• Data:

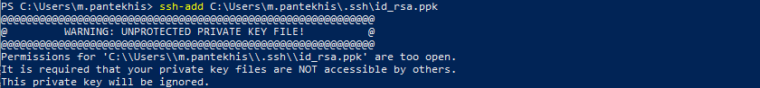 5. If you receive the following error, you need to change the permissions of the key by right clicking the key file going to Properties > Security > Advanced and removing all other user permissions.
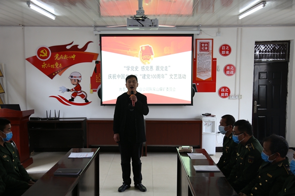 近日,陳家山礦團(tuán)委舉辦的“學(xué)黨史 頌黨恩 跟黨走”慶祝建黨100周年文藝演出下區(qū)隊(duì)第一場在綜采隊(duì)學(xué)習(xí)室拉開帷幕,通過傳承紅色基因,激發(fā)黨員干部不忘初心、牢記使命、愛黨愛國、奮斗前行。
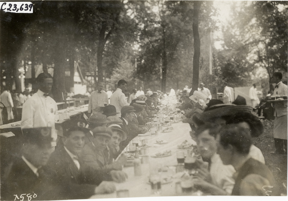 View of men, women and children sitting at long tables at picnic during the 1910 Glidden Tour. Waiters stand nearby; tables are set with tablecloths and place settings. Stamped on back: "Spooner & Wells, Inc., photographers, telephone North 1745. 1231 Woodward Ave., Detroit, Mich. Detroit, 1231 Woodward, New York, 1931 Broadway." Handwritten on back: "Tours--Glidden Tour, 1910."
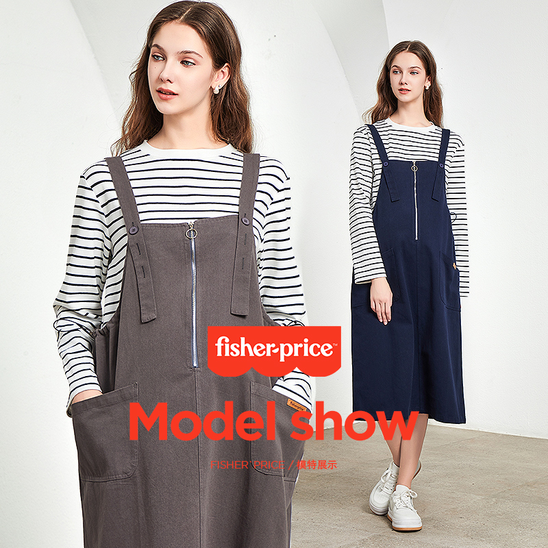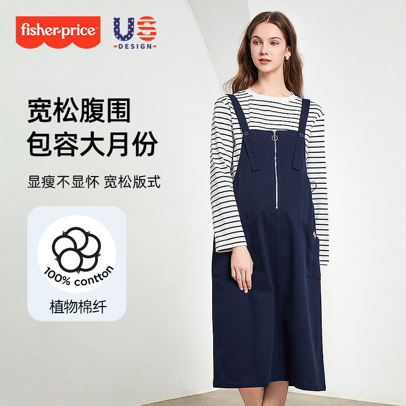 费雪孕妇连衣裙2025新款春秋条纹T恤上衣纯棉背带裙两件套装秋装
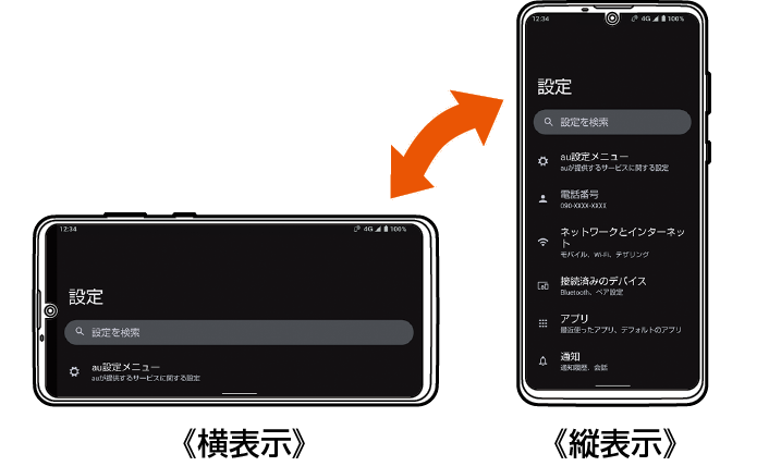 本製品の向きに合わせて、縦横表示を切り替えます。

• Exercise objective:
Begin at the line containing "费雪孕妇连衣裙2025新款春秋条纹T恤上衣纯棉背带裙两件套装秋装" and restate exactly every line through the end of the material, skipping the pictures.

• Exercise answer:
 费雪孕妇连衣裙2025新款春秋条纹T恤上衣纯棉背带裙两件套装秋装
 本製品の向きに合わせて、縦横表示を切り替えます。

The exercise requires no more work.